Commonly, information systems are organized by the use of tables that are composed of a fixed number of columns representing the information system’s attributes. However, in a typical hospital scenario, patients may have a variable number of diagnoses and this data is recorded in the patients’ medical records in a random order.

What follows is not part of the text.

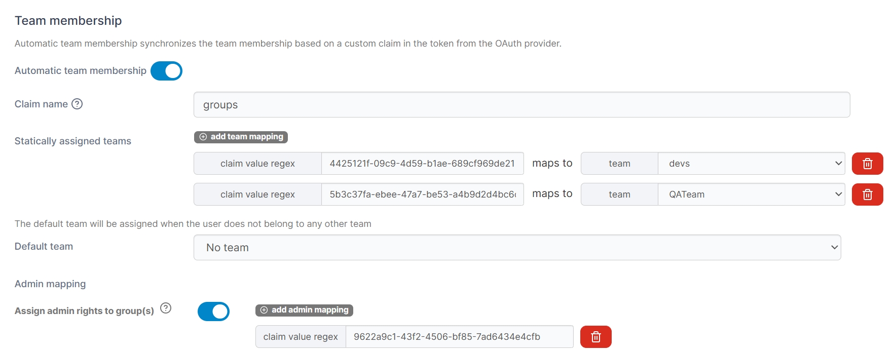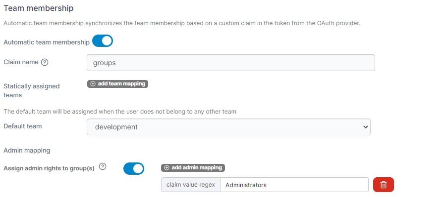 If you toggle Automatic team membership on, you can choose to automatically add OAuth users to certain Portainer teams based on the Claim name. Claim names will be matched with teams or you can manually link a claim name (using regex) with Portainer teams under the Statically assigned teams option. You can also define a Default team for users who don't belong to any other team.

Treatments are prescribed based on these diagnoses, which makes it harder to mine meta-actions from healthcare datasets. In such scenario, the patients are not necessarily followed for a specific disease, but are treated for what they are diagnosed for. This makes it even more complex to prescribe personalized treatments since patients react differently to treatments based on their state (diagnoses). In this work, we present a method to extract personalized meta-actions from surgical datasets with variable number of diagnoses. We used the Florida State Inpatient Databases (SID), which is a part of the Healthcare Cost and Utilization Project (HCUP) [1] to demonstrate how to extract meta-actions and evaluate them.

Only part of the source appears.